GOAL: to export IPCC authors data from MySQL database back to CSV to perform QA checks in ipcc-facts-checking
Differences in the structure of the source for authors data in IPCC assessment reports and the structure of the database where the data is stored make it hard to perform analyses for Quality Assurance.
This project fills this gap by formatting data from the database in chunks matching the contents and organization of the source documents: for each chapter, authors are sorted first by role, then by last name and first name, and authors are listed with full names and countries. On the other hand, only the lists of authors in annexes mention the institutions.
Run feedback.sh
, providing the optional user
, host
and password
to connect to the MySQL database (by default as root@localhost without
password).
The CSV data is exported as separate files for each chapter and annex,
to the ipcc-facts-checking
folder of the git submodule within this
repository.
The exported data can then be committed in the ipcc-facts-checking
submodule and pushed to the remote repository on GitHub.

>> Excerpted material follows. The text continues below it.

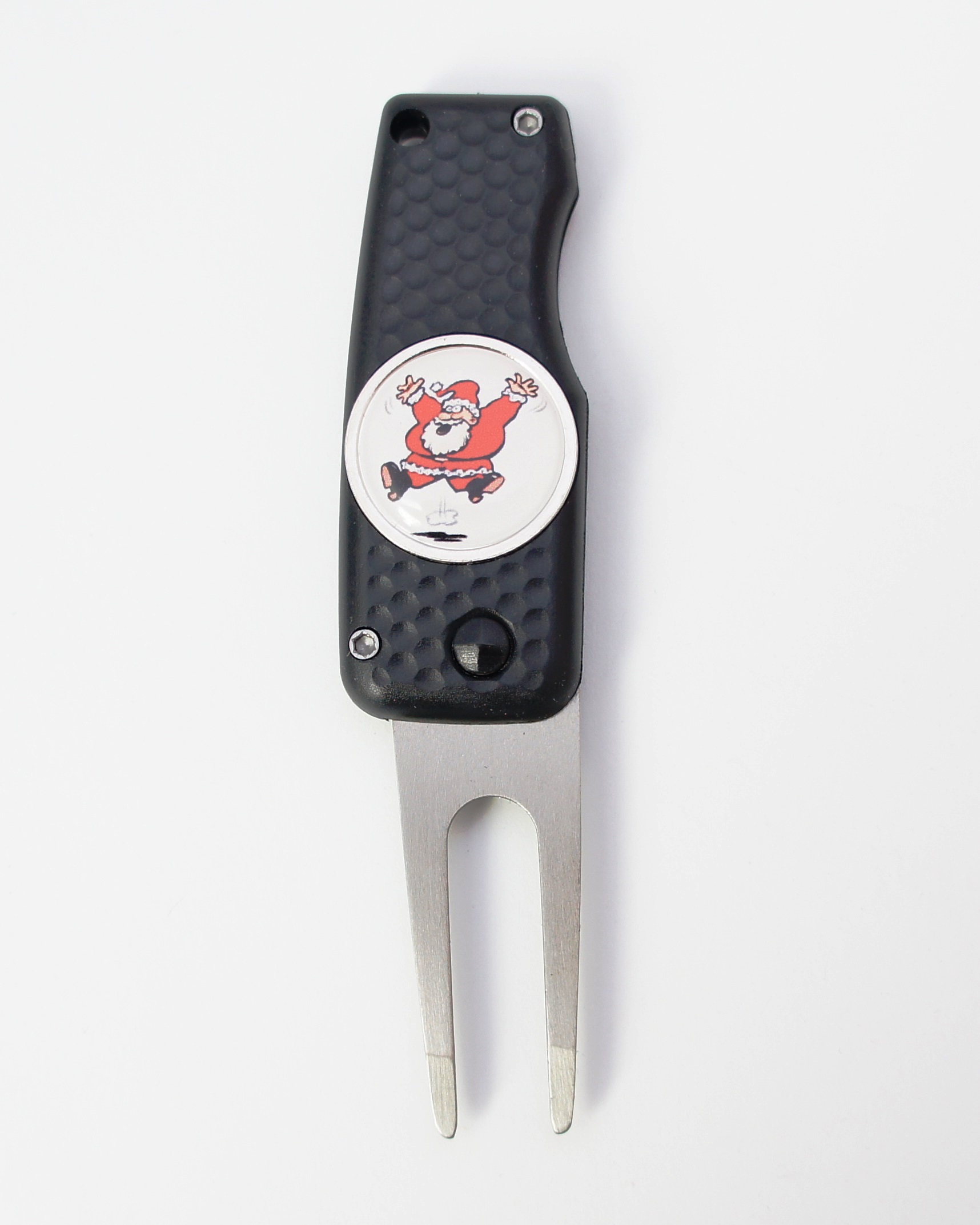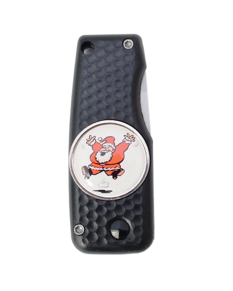 Golfballmarker aus Metall mit Kunststoffbeschichtung, Ø 25 mm, mit einem Nikolaus.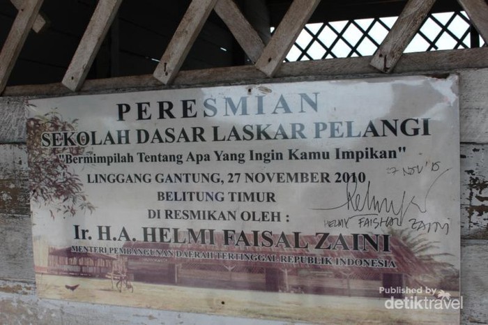 Jakarta - Novel Laskar Pelangi dan Belitung memang tidak terpisahkan. Bahkan sekolah Ikal dan kawan-kawan, latar tempat novel menjadi destinasi ikonik di Belitung.Saat tiba di bandara H.A.S Hanandjoeddin , gerimis menyambut kami .Suasana hujan siang itu tidak menyurutkan kegembiraan kami karena tiba di Belitung dengan selamat. Kami pun siap berkeliling Belitung.Jadwal pertama kami, menuju ke Belitung Timur. Oh ya, Belitung terbagi menjadi 2 kabupaten yaitu Belitung Timur dengan ibukota Manggar dan Belitung dengan ibukotanya Tanjung Pandan. Dalam bahasa setempat Belitung sendiri disebut Belitong.Perjalanan menuju Belitung Timur kami tempuh sekitar 1 jam , sepanjang jalan kami menyusuri perkebunan , lahan kosong , perkampungan dan sisa-sisa tambang . Dengan kondisi jalan yang relatif sepi dan lancar kendaraan kami meluncur nyaris tanpa hambatan. Tujuan pertama kami adalah replika sekolah Laskar Pelangi.Lokasi replika SD Laskar Pelangi ini terletak di Kecamatan Gantung. Saat kami tiba sudah banyak pengunjung yang berada di tempat ini. Bangunan sederhana yang hanya terdiri dari 2 kelas ini, dilengkapi dengan tiang bendera beserta benderanya.Dibagian depan terdapat papan nama peresmian sekolah tersebut, juga terdapat tulisan replika sekolah laskar pelangi yang dilengkapi dengan bangku-bangku kayu , dimana pengunjung bisa berfoto. Tempat ini menjadi lokasi berfoto favorit pengunjung.Meski terbilang sederhana untuk ukuran tempat wisata, tetapi sekolah ini memiliki daya tarik yang cukup besar. Rupanya novel laris milik Andrea Hirata cukup berkesan sehingga banyak pengunjung yang ingin tahu dan merasakan sedikit bagaimana kondisi seperti pada novel itu.Tempat ini sudah dilengkapi dengan tempat parkir yang cukup luas, warung penjual makanan dan minuman juga toko cendera mata. Jika penasaran bagaimana Ikal dan tokoh lain dalam novel Laskar Pelangi menjalani hari-hari selama di sekolah dasar dengan suasana serba prihatin, datanglah ke tempat ini.

The selection and formatting of data is performed in SQL, with a
distinct query for each exported dataset. Common parts are extracted
to separate files including queries with variables, which are then
shared by multiple scripts, each setting different values to the
variables to customize the common behavior before triggering its
execution with the source
instruction.
The output of each SQL script is filtered by the shell script
tsv2csv.sh
to convert it from TSV to CSV before saving the file
as back.csv
in the same folder as the reference PDF document
for the QA checks within ipcc-facts-checking
subdirectory.